You may be interested in seeing the kinds of documents used in the scheme:

This one is a  half-completed application form for the scheme - from a Victorian museum.

https://collections.museumsvictoria.com.au/items/2097517

This one for a couple who hadn't provided full information and mentions the application for a Document of Identity
https://collections.museumsvictoria.com.au/items/2025615

Today there much more documentation and identity requirements than there was in the past.  I needed a new Australian passport in 1970 while I was living in the UK and my 'referee' was the local bank manager who didn't know me from Adam!
When my children were born there was no Medicare and you could just book into hospital using whatever name you chose as no documentation needed to be shown, nor was any shown by the informant for the birth certificate.
Even today, when giving information for a death certificate there is no requirement to show any documentaion so what goes on the certificate is whatever is said by the informant.

Judith



DYER - Wilts, London, Somerset, MIDLANE - Hants, Wilts, SONE - Hants, WRIGHT - London, Hants, SEAGER - Deptford, DWYER, FERGUSON - Victoria, MASON - Woodford Vic, BALLARD - South Wales, GOULDBY - Lowestoft
"Time present and time past are both perhaps present in time future..." T S Eliot

UK Census information Crown Copyrightt, from www.nationalarchives.gov.uk

Offline majm

  • RootsChat Marquessate
  • *******
  • Posts: 24,435
  • NSW 1806 Bowman Flag Ecce signum.
    • View Profile
Re: Ten pound Poms 1970's
« Reply #8 on: Wednesday 22 September 21 08:13 BST (UK) »
I was born NSW 1947.  No requirement for anyone to 'prove' that birth,  my father just went along to the Court House and told them I had been born.  The clerks there believed him, afterall, he was a 'Public Servant' and his brother was a local clergyman.
 
When getting my NSW drivers licence I was not required to produce any ID to apply for a Learners Permit,  afterall I was 'known to staff', so they 'knew' I would know my date of birth, my name, my address etc, plus the chap in charge at the local Motor Registry Office was my mother's brother. 

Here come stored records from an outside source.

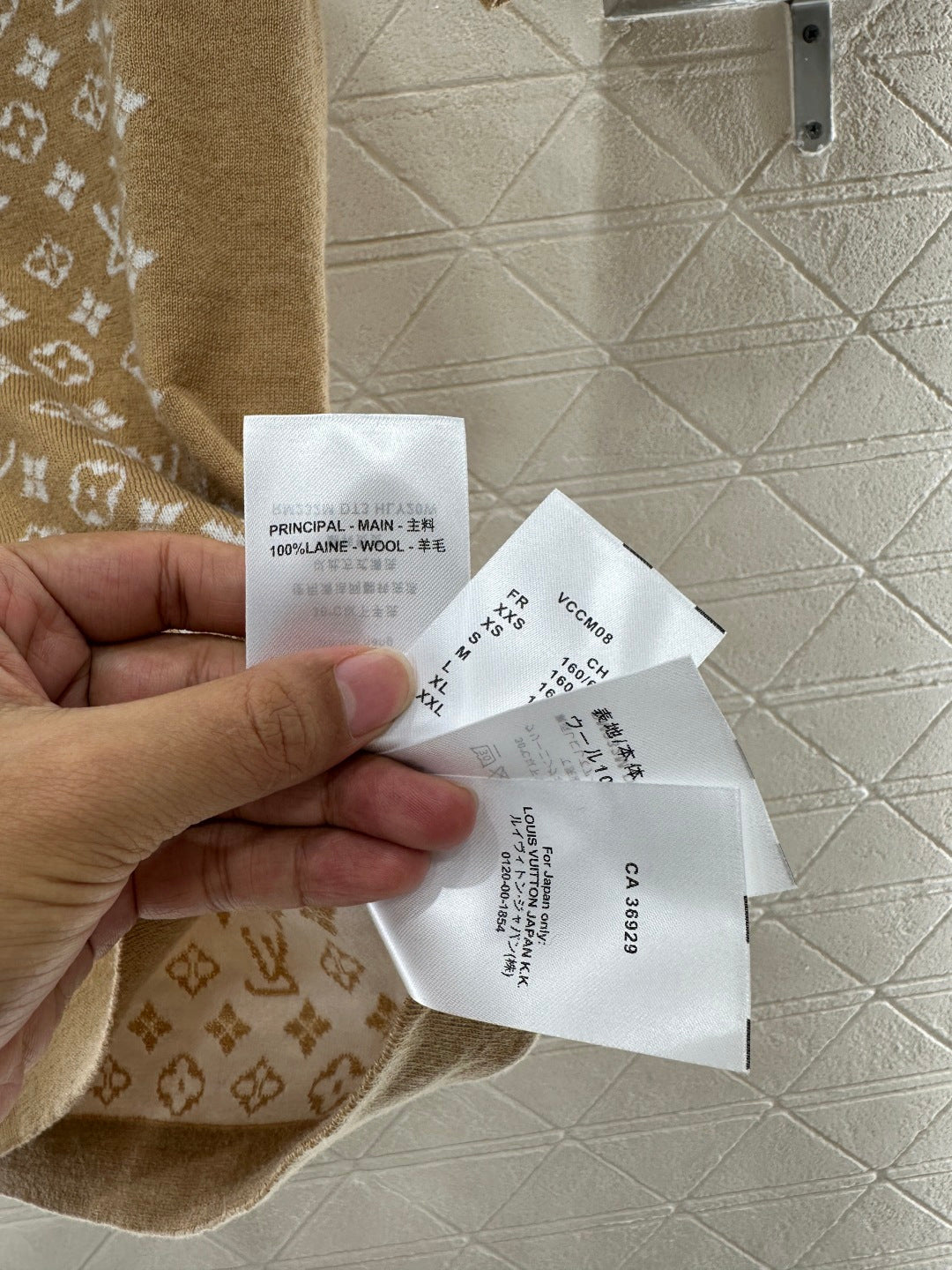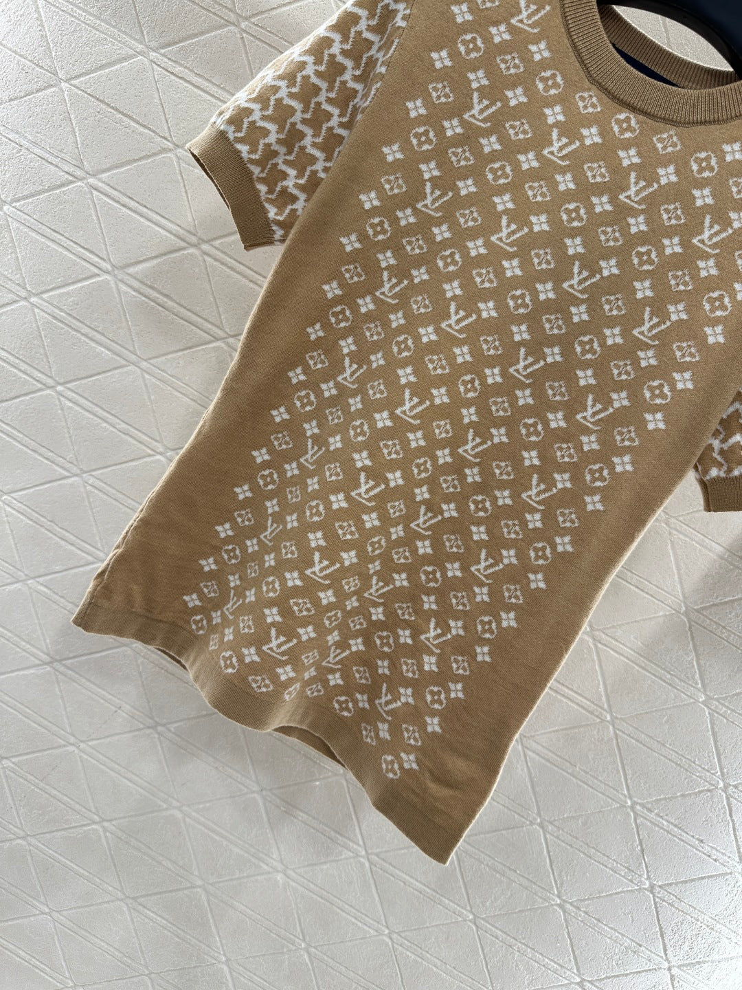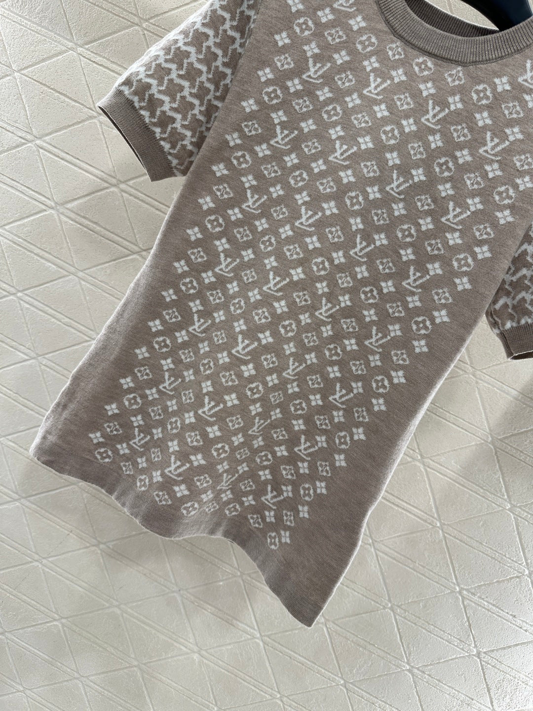 Wool knit material, premium texture, comfortable and soft, round neck knitted short sleeved sweater cut, collar and cuffs threaded edging to match the hem, body contour plain color ➕ The interior is covered with four leaf clover and letter logo patterns, forming a color contrast with the houndstooth pattern on the sleeve arms. It exudes a strong sense of luxury and showcases the brand's tone. The wool knitted fabric is warm and comfortable, with a regular style and a simple and versatile design for autumn and winter daily use
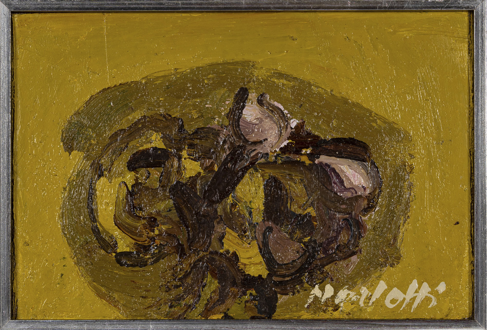 ENNIO MORLOTTI(1910 - 1992)Senza titoloOlio su cartoncino applicato su tela18 x 27 cmFirmato in basso a destraPROVENIENZA:Collezione privata, Lecco
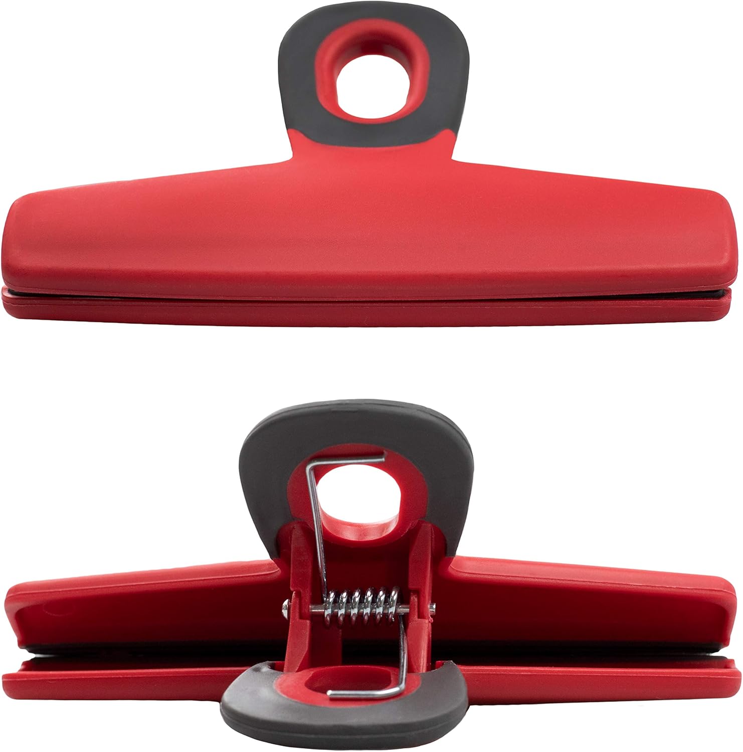 • Set includes 4 red rubber bag clips that are 5 inches wide - the great size clip for extra big bags of chips and food.

The late Christopher Skase showed our government administrative paperwork flaws, and that was not until the late 1980s ... until then, officialdom actually accepted that people told the truth about themselves ...  https://en.wikipedia.org/wiki/Christopher_Skase

People coming from Britain were 'British', and so officialdom 'knew' they would be more truthful, more upright, more honest than even us locally born baby boomers, and so they would be excellent examples for us colonials to strive to keep up with the highest standards of the Ten Pound Poms.   That was rural NSW in the 1950s and 1960s...  Mr Menzies ruled. 

JM
The information in my posts is provided for academic and non-commercial research purposes. 
Random Acts of Kindness Given Freely are never Worthless for they are Priceless.
Qui scit et non docet.    Qui docet et non vivit.    Qui nescit et non interrogat.